[PATCH 1/4] aarch64: Add vector implementations of cos routines

Tue Jun 13 19:56:58 GMT 2023

On 08/06/23 10:39, Joe Ramsay via Libc-alpha wrote:
> Replace the loop-over-scalar placeholder routines with optimised
> implementations from Arm Optimized Routines (AOR).
> 
> Also add some headers containing utilities for aarch64 libmvec
> routines, and update libm-test-ulps.
> 
> AOR exposes a config option, WANT_SIMD_EXCEPT, to enable
> selective masking (and later fixing up) of invalid lanes, in
> order to trigger fp exceptions correctly (AdvSIMD only). This is
> tested and maintained in AOR, however it is configured off at
> source level here for performance reasons.
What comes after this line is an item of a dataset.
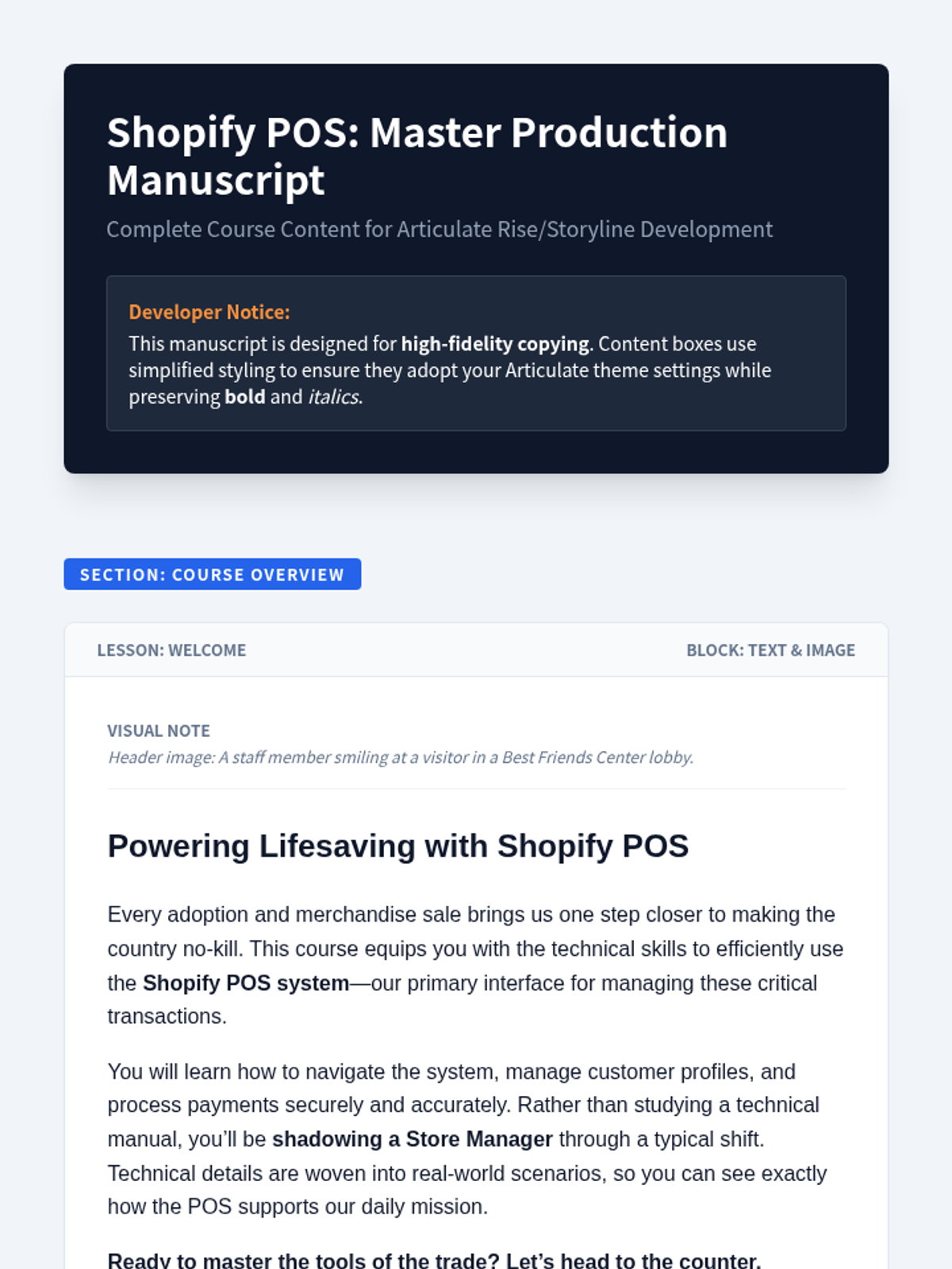 A comprehensive guide for new associates to master the Shopify POS system through a narrative 'First Day' experience at Best Friends Animal Society.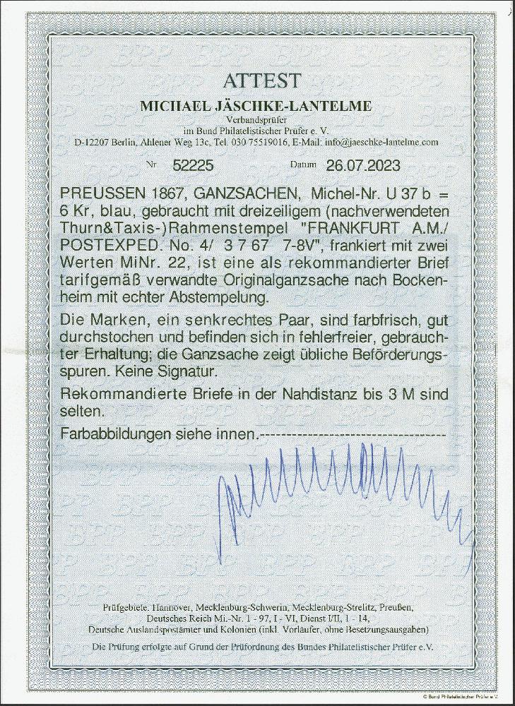 | Prüfgebiet: | Altdeutschland Preussen Ganzsachen |

We keep the
> WANT_SIMD_EXCEPT blocks in routine sources to greatly simplify
> the upstreaming process from AOR to glibc.
> ---
>  sysdeps/aarch64/fpu/cos_advsimd.c             |  81 ++++++-
>  sysdeps/aarch64/fpu/cos_sve.c                 |  73 ++++++-
>  sysdeps/aarch64/fpu/cosf_advsimd.c            |  76 ++++++-
>  sysdeps/aarch64/fpu/cosf_sve.c                |  70 ++++++-
>  sysdeps/aarch64/fpu/sv_math.h                 | 141 +++++++++++++
>  sysdeps/aarch64/fpu/sve_utils.h               |  55 -----
>  sysdeps/aarch64/fpu/v_math.h                  | 197 ++++++++++++++++++
>  .../fpu/{advsimd_utils.h => vecmath_config.h} |  30 ++-
>  sysdeps/aarch64/libm-test-ulps                |   2 +-
>  9 files changed, 629 insertions(+), 96 deletions(-)
>  create mode 100644 sysdeps/aarch64/fpu/sv_math.h
>  delete mode 100644 sysdeps/aarch64/fpu/sve_utils.h
>  create mode 100644 sysdeps/aarch64/fpu/v_math.h
>  rename sysdeps/aarch64/fpu/{advsimd_utils.h => vecmath_config.h} (57%)
> 
> diff --git a/sysdeps/aarch64/fpu/cos_advsimd.c b/sysdeps/aarch64/fpu/cos_advsimd.c
> index 40831e6b0d..1f7a7023f5 100644
> --- a/sysdeps/aarch64/fpu/cos_advsimd.c
> +++ b/sysdeps/aarch64/fpu/cos_advsimd.c
> @@ -17,13 +17,82 @@
>     License along with the GNU C Library; if not, see
>     <https://www.gnu.org/licenses/>.  */
>  
> -#include <math.h>
> +#include "v_math.h"
>  
> -#include "advsimd_utils.h"
> +static const volatile struct
> +{
> +  float64x2_t poly[7];
> +  float64x2_t range_val, shift, inv_pi, half_pi, pi_1, pi_2, pi_3;
> +} data = {
> +  /* Worst-case error is 3.3 ulp in [-pi/2, pi/2].  */
> +  .poly = { V2 (-0x1.555555555547bp-3), V2 (0x1.1111111108a4dp-7),
> +	    V2 (-0x1.a01a019936f27p-13), V2 (0x1.71de37a97d93ep-19),
> +	    V2 (-0x1.ae633919987c6p-26), V2 (0x1.60e277ae07cecp-33),
> +	    V2 (-0x1.9e9540300a1p-41) },
> +  .inv_pi = V2 (0x1.45f306dc9c883p-2),
> +  .half_pi = V2 (0x1.921fb54442d18p+0),
> +  .pi_1 = V2 (0x1.921fb54442d18p+1),
> +  .pi_2 = V2 (0x1.1a62633145c06p-53),
> +  .pi_3 = V2 (0x1.c1cd129024e09p-106),
> +  .shift = V2 (0x1.8p52),
> +  .range_val = V2 (0x1p23)
> +};
> +
> +#define C(i) data.poly[i]
> +
> +static float64x2_t VPCS_ATTR NOINLINE

Why does it need NOINLINE here?  Are you trying to optimize for code size?
With stack protector I do see a small code size increase which does not 
happen without stack protector.

Otherwise, I don't think you will get much regarding code reorganization.